Minęło prawie siedem lat rządów PiS i jesteśmy po trzech falach pandemicznych, przy których polska służba zdrowia „statystycznie” okazała się jedną z najgorszych na świecie, a może nawet powinniśmy powiedzieć, że jest najgorsza na świecie. Co zrobiła partia rządząca, żeby naprawić służbę zdrowia? Co zapowiadała ta partia w swoich dwóch wyborczych programach, po których obejmowała władzę w 2015 i 2019 roku? Nie zrobiła niczego, chociaż zapowiadała cudowne uzdrowienie wszystkiego.

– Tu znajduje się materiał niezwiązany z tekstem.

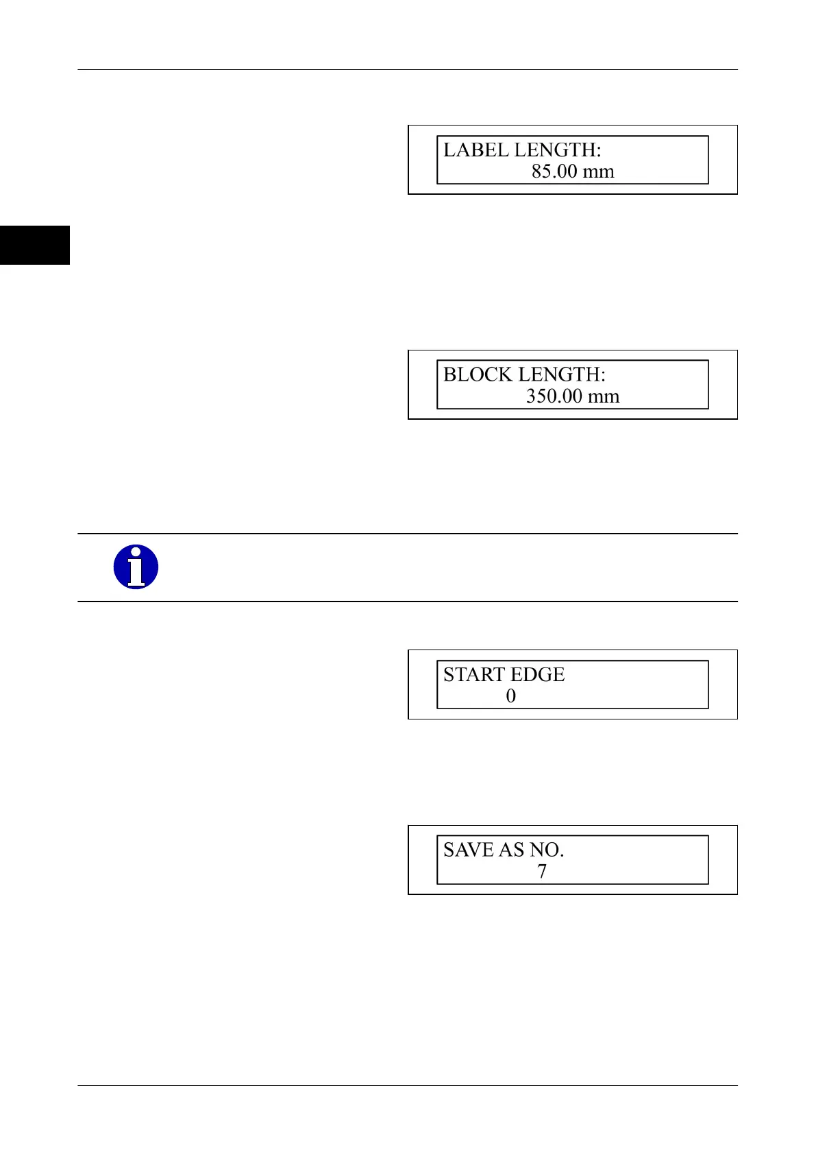 The maximum length of 3000 mm can be set. If 0 mm is entered, the label dispenser is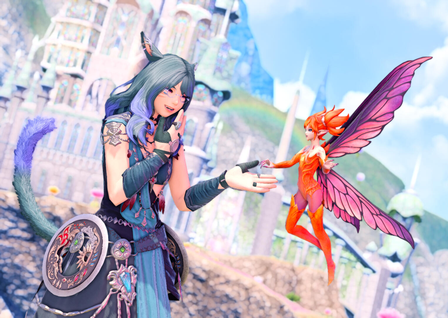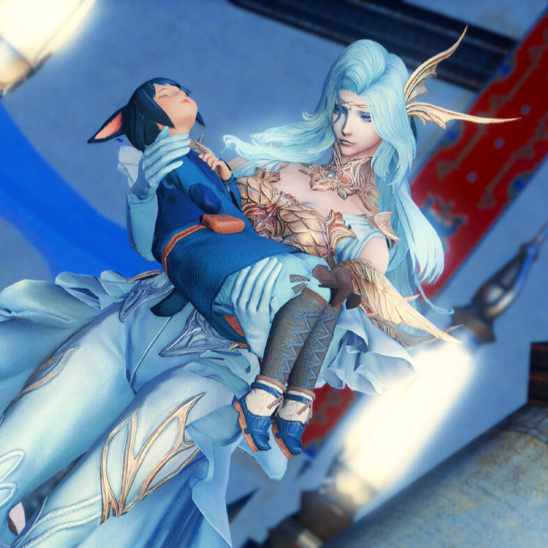 After being roped into Martyn's shenanigans one ordinary day in Limsa, Rosaline takes to training in the ways of blue magic under his tutelage as a means to ensure he doesn't end up in the gaols at the hands of the Yellowjackets. Slowly but surely disdain grows to fondness as she develops feelings for the mage. And after watching Martyn nearly kill himself in his match against Siegfried, the feelings she tried to deny become irrefutable. Little does she know that those feelings are not one-sided, as Martyn too had been quietly harboring feelings for her. Unfortunately for the two of them, they both - for their own unique reasons - had convinced themselves that the other could not or would not return those feelings.The two would pine for each other for some time as they continued their relationship as teacher and apprentice. It wouldn't be until their victory against Gogo, emotions high in the wake of their triumph, do they finally confess their feelings to one another.All the while Martyn remained blissfully unaware of Rosaline's true nature as the Warrior of Light until she saves the entire star from utter calamity. Though the revelation catches him by surprise, he works to come to terms with the truth of Rosaline’s life.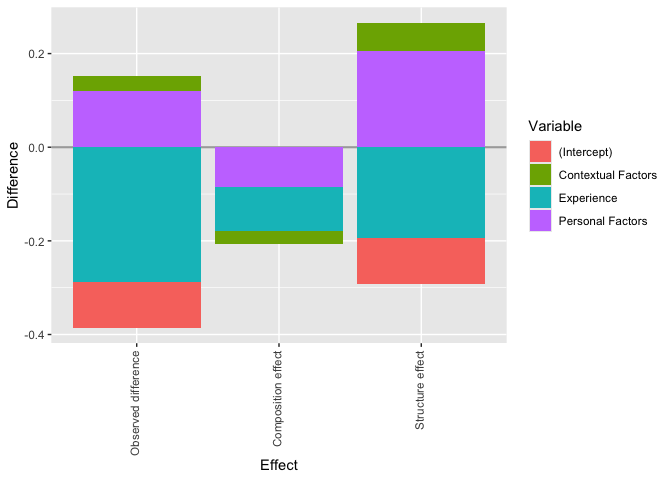 Hlavac, Marek. 2022. “oaxaca: Blinder-Oaxaca Decomposition in R”. R package version 0.1.5. https://CRAN.R-project.org/package=oaxaca.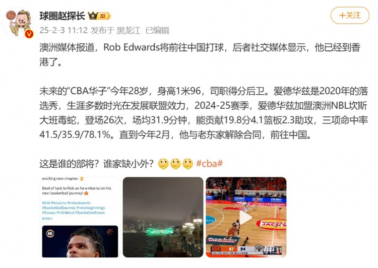 2月3日訊 今日,據媒體人球圈趙探長(cháng)透露,澳洲媒體報道,羅伯-愛(ài)德華茲(Rob Edwards)將來(lái)中國打球,后者社交媒體顯示,他已經(jīng)到香港了。
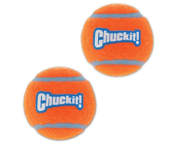 Chuckit!® Tennis Balls are made of high-quality materials and specifically designed for the game of fetch. Constructed of natural rubber it features an extra-thick rubber core and durable material that floats in water. The bright colors provide improved visibility when playing with your dog and help to prevent the ball from being lost. Use alone, or with your Chuckit! Launcher (sold separately).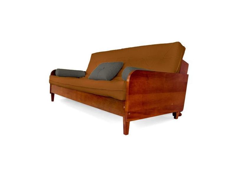 Sofá Cama Paris Sarja Caramelo Madeira Nobre Cor Imbuia - R9 Design Fu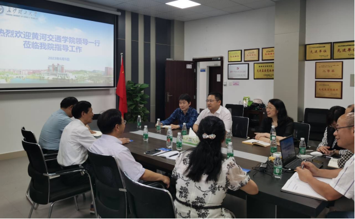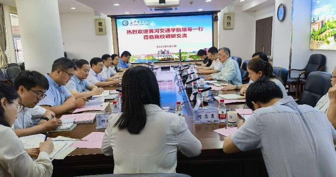 2023年6月5日上午,黄河交通学院常务副校长胡世雄、副校长潘庆才,评建办公室主任汤迪操等一行十人来我校调研交流。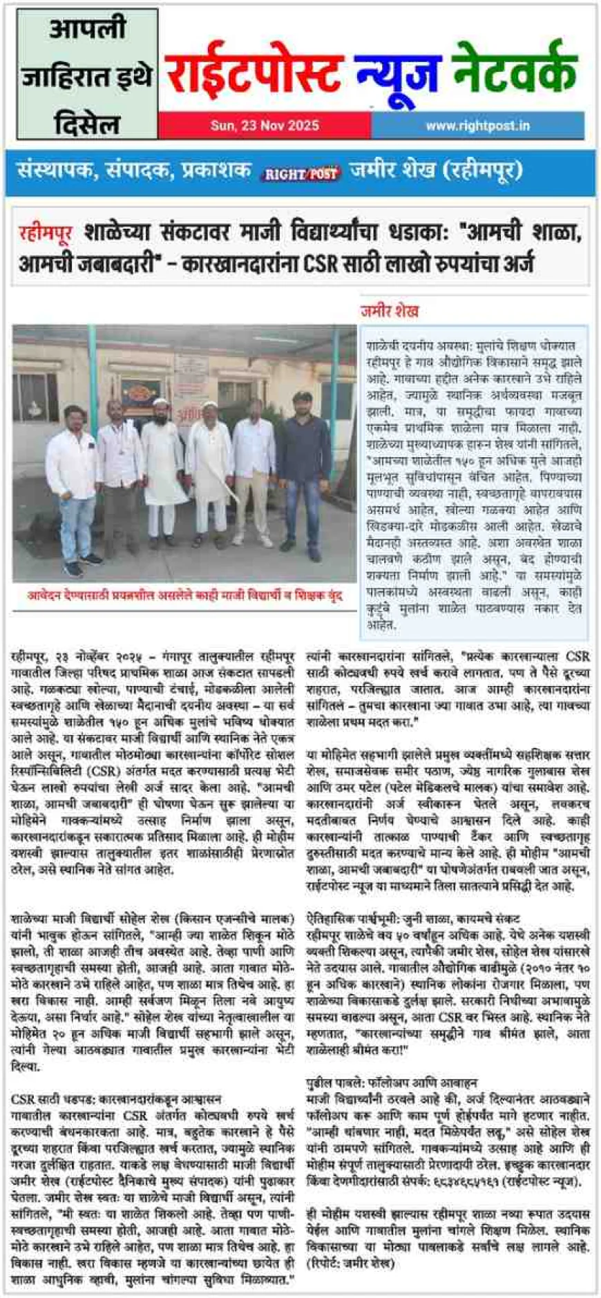 “रहीमपूरने आज दाखवून दिलं की गावकरी, माजी विद्यार्थी आणि स्थानिक उद्योजक एकत्र आले तर शासकीय योजनांशिवायही शाळा बदलता येतात. ही मोहीम यशस्वी झाली तर परिसरातील इतर गावांनाही प्रेरणा मिळेल. राईटपोस्ट या बातमीला सातत्याने प्रसिद्धी देणार आहे, कारण ही फक्त एका शाळेची नाही, संपूर्ण ग्रामीण शिक्षणाची लढाई आहे.”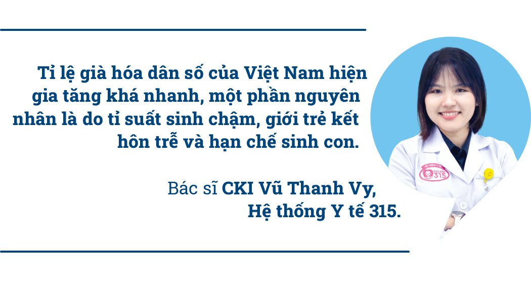 Tại Việt Nam, bác sĩ CKI Vũ Thanh Vy, Hệ thống Y tế 315, cho biết tỉ lệ già hóa dân số của Việt Nam hiện gia tăng khá nhanh, một phần nguyên nhân là do tỉ suất sinh chậm, giới trẻ kết hôn trễ và hạn chế sinh con.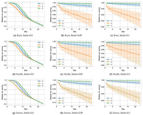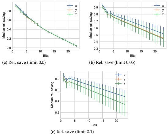 We initially observe significant changes for all three values around 85% as maximum when using only one bit for the mantissa. Although there is a minor variation in between the three axes’ values, overall, they remain close. Increasing the number of bits almost linearly decreases the attained savings with values beyond 9 bits identical for all three dimensions. As the change limit is increased to 5%, we notice a significant separation of the x and y , z value results. Specifically, we observe that the relative savings for y , z values decrease faster as more bits are added. A slight plateau forms between 3 and 4 mantissa bits. We also note that the highest overall relative savings level for x values is now close to 95%, while y , z values trail by a few percent. One of the reasons here could be the actual source of the data, with less dynamic data in y , z directions and more on the x axis. Increasing the change limit threshold for perceptual coding considerations further, we notice an increase of the prior observations. Noteworthy here is the slight dip at 2 mantissa bits, followed by a rise and subsequent linear trend as before. The savings shifts and plateaus can be explained by the different captures of difference levels in the available bit levels.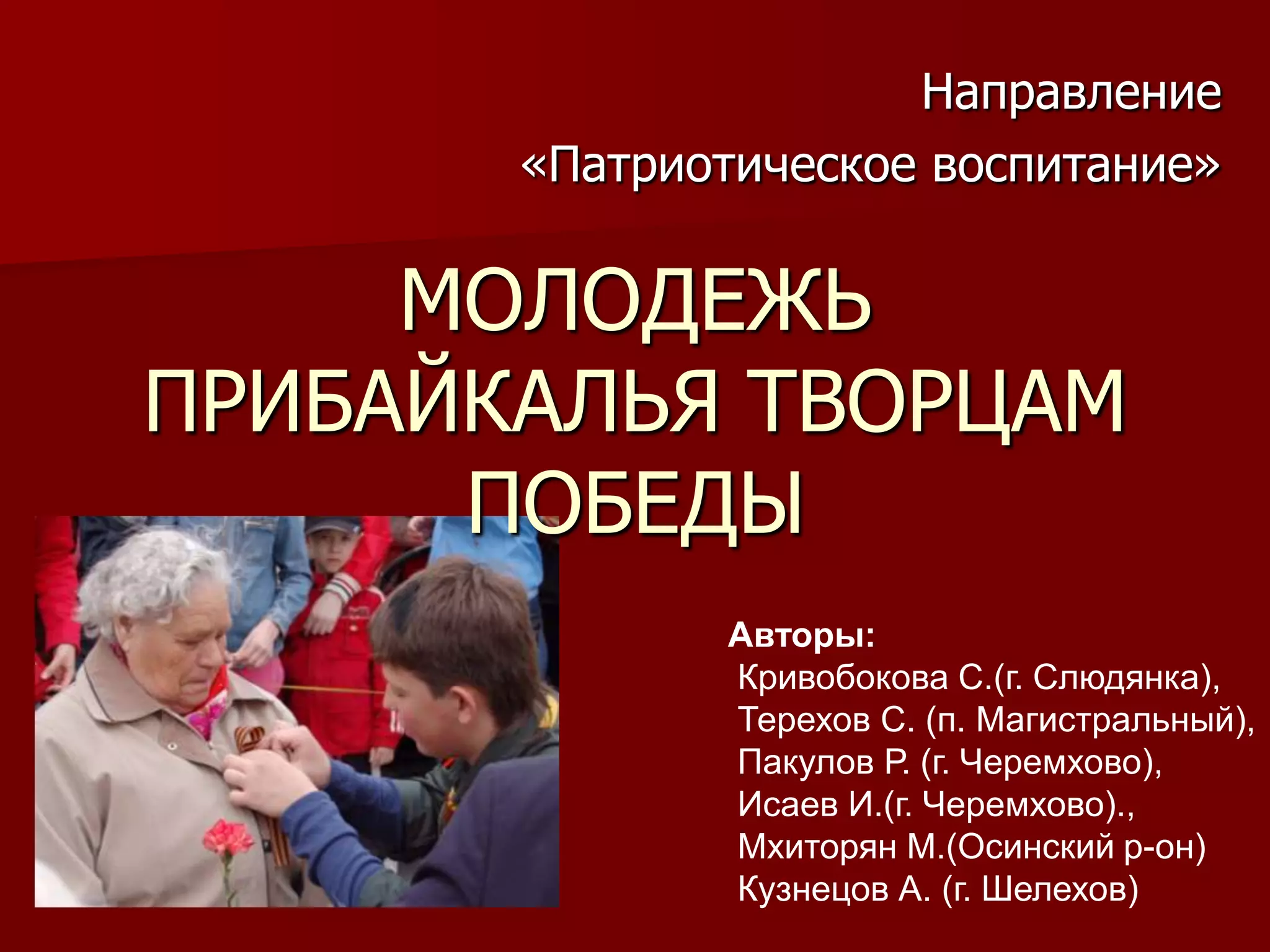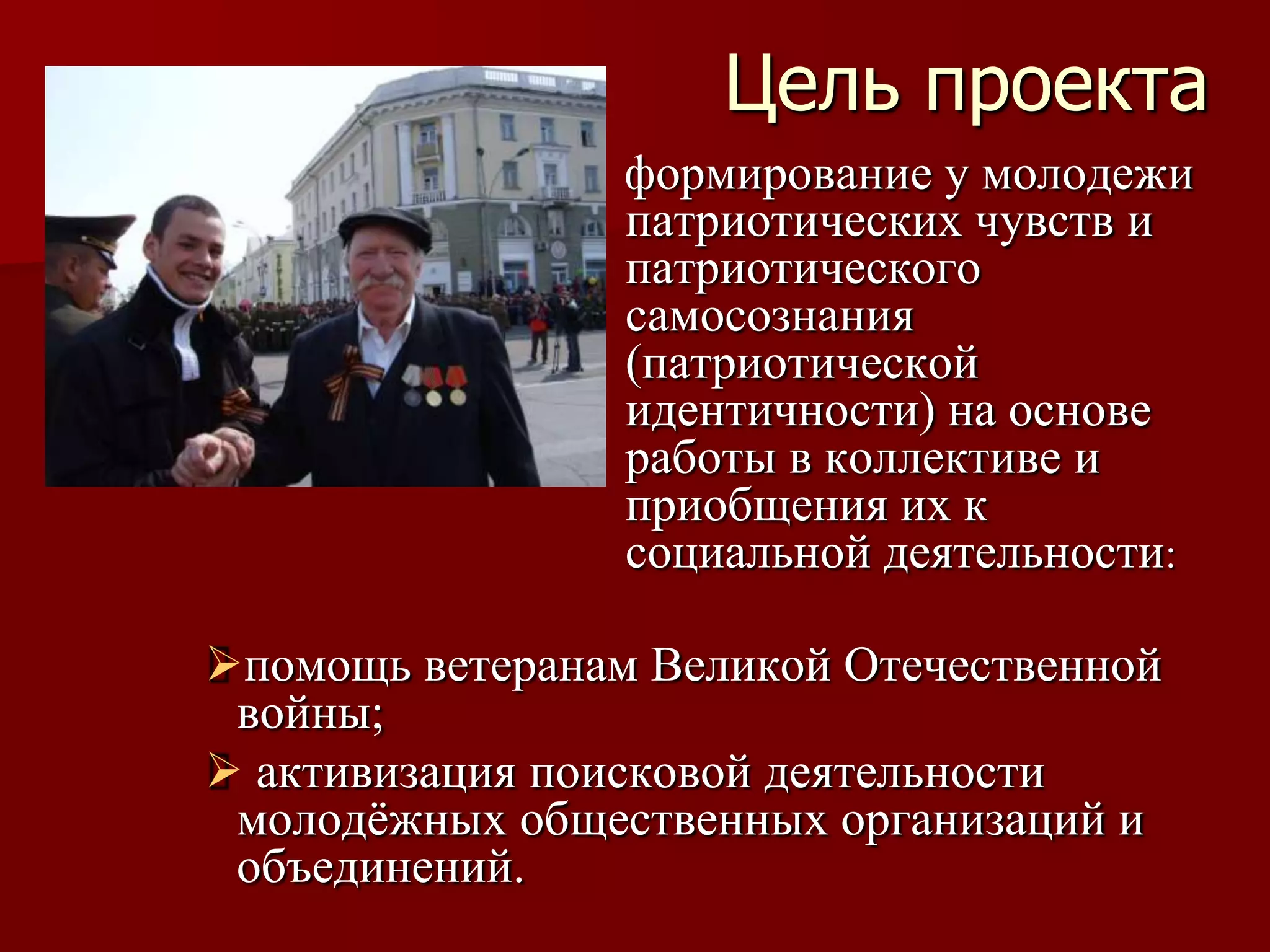 Проект направлен на формирование патриотических чувств у молодежи Прибайкалья через коллективную работу и социальную активность, включая помощь ветеранам Великой Отечественной войны и организацию поисковых мероприятий. Задачи проекта включают создание трудовых и социальных бригад для помощи ветеранам, а также интернет-бригад для архивирования воспоминаний и уточнения данных о ветеранах. Проект поддерживается государственной программой патриотического воспитания и целевыми программами Иркутской области.
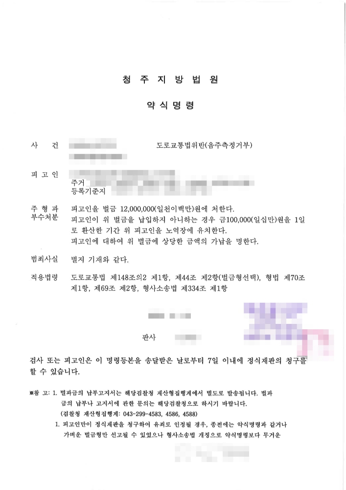 청주음주측정거부변호사의 적극적인 조력 덕분에 피고인은 징역형의 위기에서 벗어나 벌금형으로 사건을 마무리할 수 있었습니다. 검찰은 약식기소 과정에서 피고인에게 벌금 1,200만 원을 구형했고, 재판부는 이를 받아들여 약식명령으로 벌금 1,200만 원을 선고했습니다. 이는 동종 전과가 있음에도 불구하고 징역형이 아닌 벌금형으로 사건이 종결된 이례적인 결과로, 청주음주측정거부변호사의 조력이 있었기에 가능했던 일이었습니다. 이 사건은 음주운전 단속 시 음주측정거부 혐의로 입건되었을 때, 안일하게 대처해서는 안 된다는 것을 명확히 보여줍니다. 음주측정거부는 법적으로 엄중히 처벌될 뿐만 아니라, 억울한 사정이 있더라도 제대로 된 법률 조력을 받지 못하면 무거운 처벌을 피하기 어렵습니다.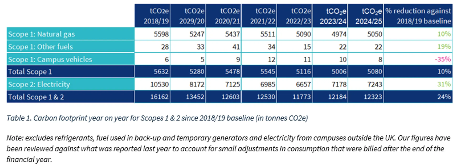In 2024/25, Queen Mary achieved a 24 per cent carbon reduction against the 2018/19 baseline for scope 1 and 2 emissions, despite growth of the estate since the baseline. Besides a 31 per cent reduction in scope 2 emissions (indirect emissions from electricity production) there has been a further 10 per cent reduction in scope 1 emissions (emissions related to energy and fuel use in our directly managed buildings and campus vehicles) by 2024/25 against the 2018/19 baseline as shown in Table 1. The significant scope 2 reduction has been possible due to both investment into energy reduction projects that have been focused on our top ten energy consuming buildings and the decarbonisation of the grid. Compared to last year, we saw a slight increase of 1% in scope 1 and 2 emissions due to a small increase in energy consumption, with reductions achieved through BMS optimisations and upgrades being offset by energy increases caused by technical faults and a new data centre.

Przeczytałem dzisiaj o sondażu poparcia dla partii politycznych i zobaczyłem wzrost poparcia dla PiS do trzydziestu pięciu procent wyborców. Fenomen. Mogę użyć tylko jednego słowa. Polityka tej partii zabiła w ciągu roku ponad sto tysięcy Polaków i Polacy na tę partię dalej chcą głosować. Syndrom sztokholmski? Nie potrafię tego zrozumieć i myślę, że potrzebna jest poważna socjologiczna debata nad zaistniałą sytuacją. Dlaczego PiS nie został przez Polaków prawidłowo oceniony? Dlaczego akurat im wybaczają Polacy nepotyzm, korupcję, oszustwa, kradzieże i totalną nieudolność w zarządzaniu państwem?
Kościół katolicki i media prorządowe prowadzą propagandę dla PiS, ale nie zdawałem sobie sprawy z siły ich oddziaływania. Tak. Nie doceniłem wagi tych archaicznych sposobów wpływania na ludzi, a Polska jest jednak … przestarzała. Współczuję teraz tym, którzy muszą w tym zamieszaniu żyć i podejmować codzienne działania, dostosowując się do wrogiego, „średniowiecznego” otoczenia.